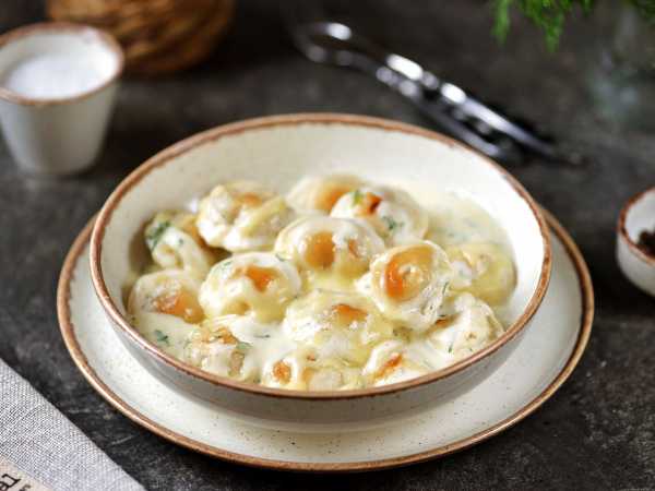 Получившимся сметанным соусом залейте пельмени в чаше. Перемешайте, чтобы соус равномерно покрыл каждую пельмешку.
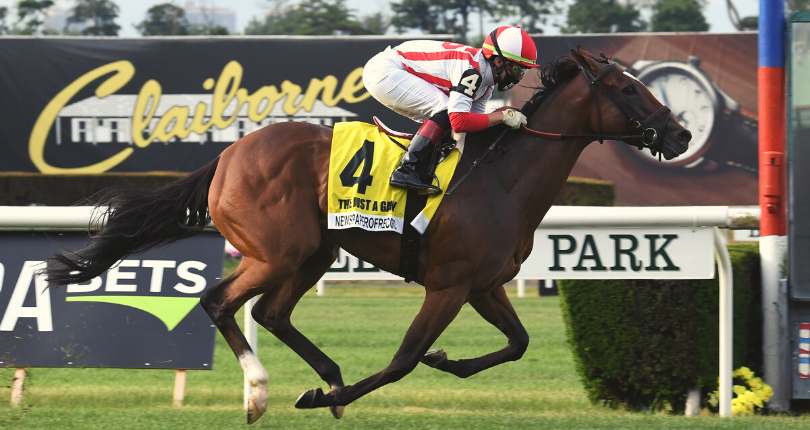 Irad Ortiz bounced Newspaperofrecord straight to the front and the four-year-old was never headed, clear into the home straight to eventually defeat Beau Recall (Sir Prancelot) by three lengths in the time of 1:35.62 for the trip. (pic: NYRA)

...

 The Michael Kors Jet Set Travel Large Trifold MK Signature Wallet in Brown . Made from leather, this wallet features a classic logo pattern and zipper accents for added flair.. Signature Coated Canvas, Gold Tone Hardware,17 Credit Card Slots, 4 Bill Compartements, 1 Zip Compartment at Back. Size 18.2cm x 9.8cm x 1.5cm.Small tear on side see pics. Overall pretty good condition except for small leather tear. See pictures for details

• [Exercise]:
From the records above, copy only the lines running from the line containing "Получившимся сметанным соусом" to the line containing "Irad Ortiz bounced", both ends included. Leave the pictures out.

• [Task response]:
 Получившимся сметанным соусом залейте пельмени в чаше. Перемешайте, чтобы соус равномерно покрыл каждую пельмешку.
 Irad Ortiz bounced Newspaperofrecord straight to the front and the four-year-old was never headed, clear into the home straight to eventually defeat Beau Recall (Sir Prancelot) by three lengths in the time of 1:35.62 for the trip. (pic: NYRA)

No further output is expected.